> _DATASET EXTRACT_:
########################################
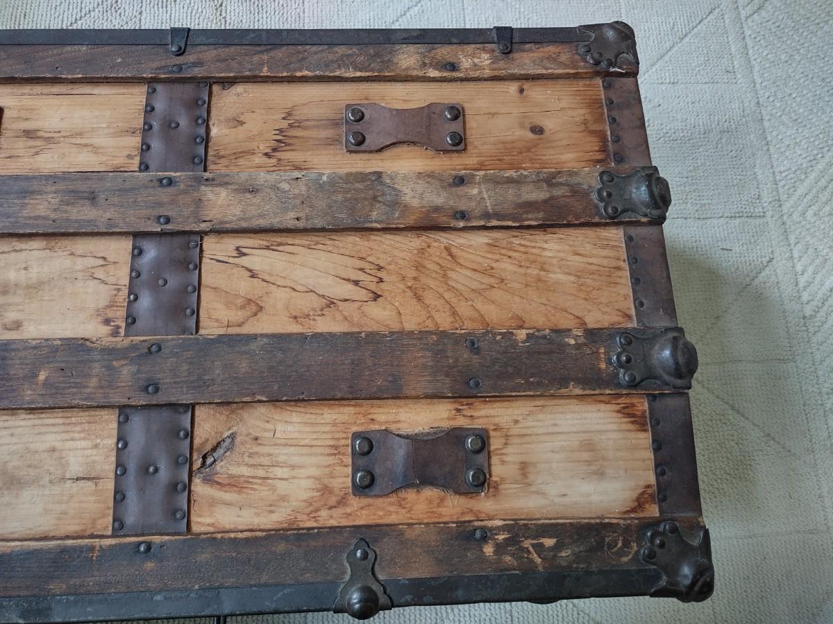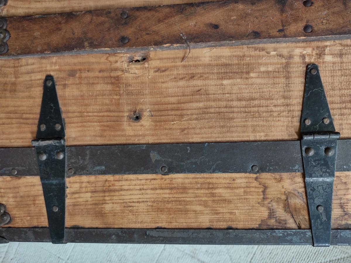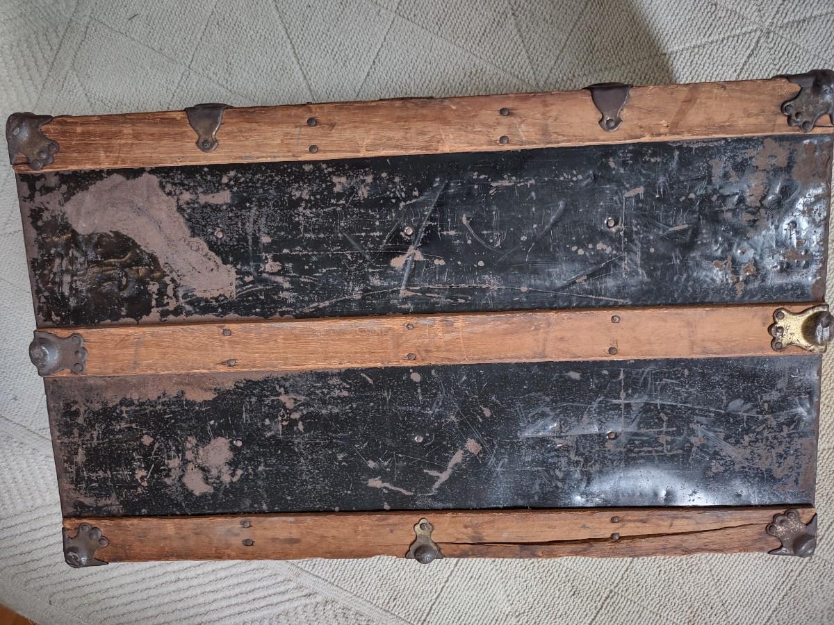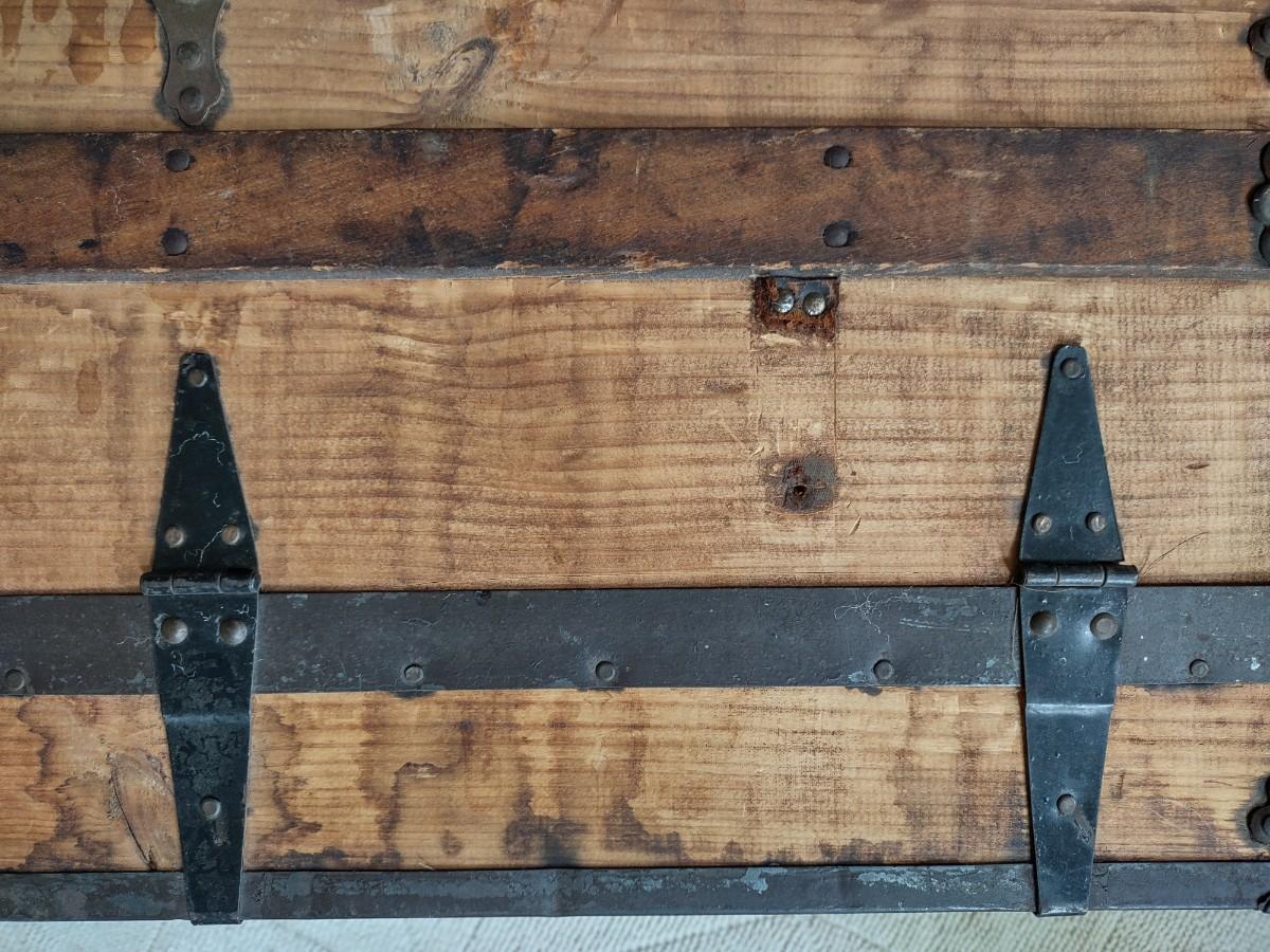 31x18x13 inches tall. Gorgeous antique trunk. The wood on this is incredible! The client collected antique trunks and repaired them or accented them for home decor with function! No handles. Please see all pictures for content of the lot, condition of the lot, and measurements if taken. Pictures are the best representation of the items listed and items are untested unless indicated in description. Thank you for looking and have fun bidding!
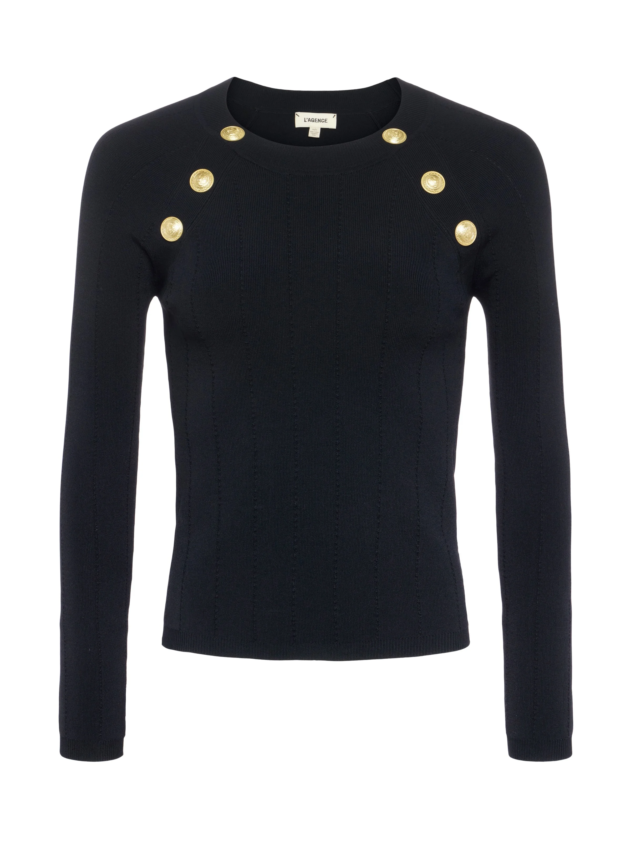 The quintessential crewneck, with a hint of glamour. • Lightweight stretch knit fabric • Strong shoulders • Raglan sleeves • No closures • Decorative embossed dome buttons Style No. 80022NXC-BLGO DETAILS & FIT - Model Details: Height 5'10" | Bust 32" | Waist 24'' | Hips 34.5'' | Wearing Size XS - About 21.5" From Shoulder to Hem - Sleeve Length: 28" MATERIALS & CARE Composition - 60% Rayon 38% Nylon 2% Spandex - Imported Care - Dry clean only
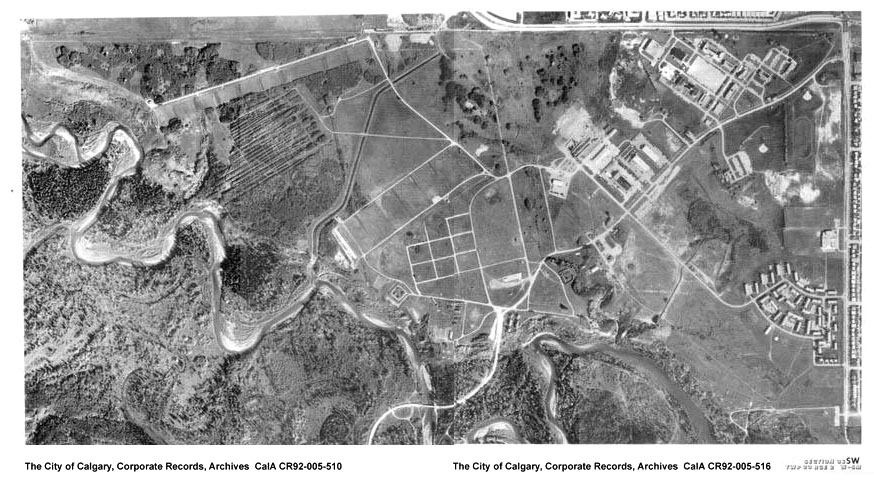 (The Harvey Barracks shown approximately 1973. Image composite of CalA CR92-005-510 and CalA CR92-005-516 courtesy of The City of Calgary, Corporate Records, Archives)
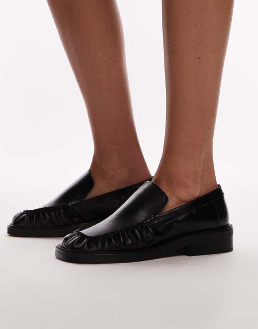 Mocasines negros con detalle fruncido de cuero premium Clover de Topshop
########################################
Wherever a picture appears, omit it; copy the rest of the data exactly.

> _TASK SOLUTION_:
 31x18x13 inches tall. Gorgeous antique trunk. The wood on this is incredible! The client collected antique trunks and repaired them or accented them for home decor with function! No handles. Please see all pictures for content of the lot, condition of the lot, and measurements if taken. Pictures are the best representation of the items listed and items are untested unless indicated in description. Thank you for looking and have fun bidding!
 The quintessential crewneck, with a hint of glamour. • Lightweight stretch knit fabric • Strong shoulders • Raglan sleeves • No closures • Decorative embossed dome buttons Style No. 80022NXC-BLGO DETAILS & FIT - Model Details: Height 5'10" | Bust 32" | Waist 24'' | Hips 34.5'' | Wearing Size XS - About 21.5" From Shoulder to Hem - Sleeve Length: 28" MATERIALS & CARE Composition - 60% Rayon 38% Nylon 2% Spandex - Imported Care - Dry clean only
 (The Harvey Barracks shown approximately 1973. Image composite of CalA CR92-005-510 and CalA CR92-005-516 courtesy of The City of Calgary, Corporate Records, Archives)
 Mocasines negros con detalle fruncido de cuero premium Clover de Topshop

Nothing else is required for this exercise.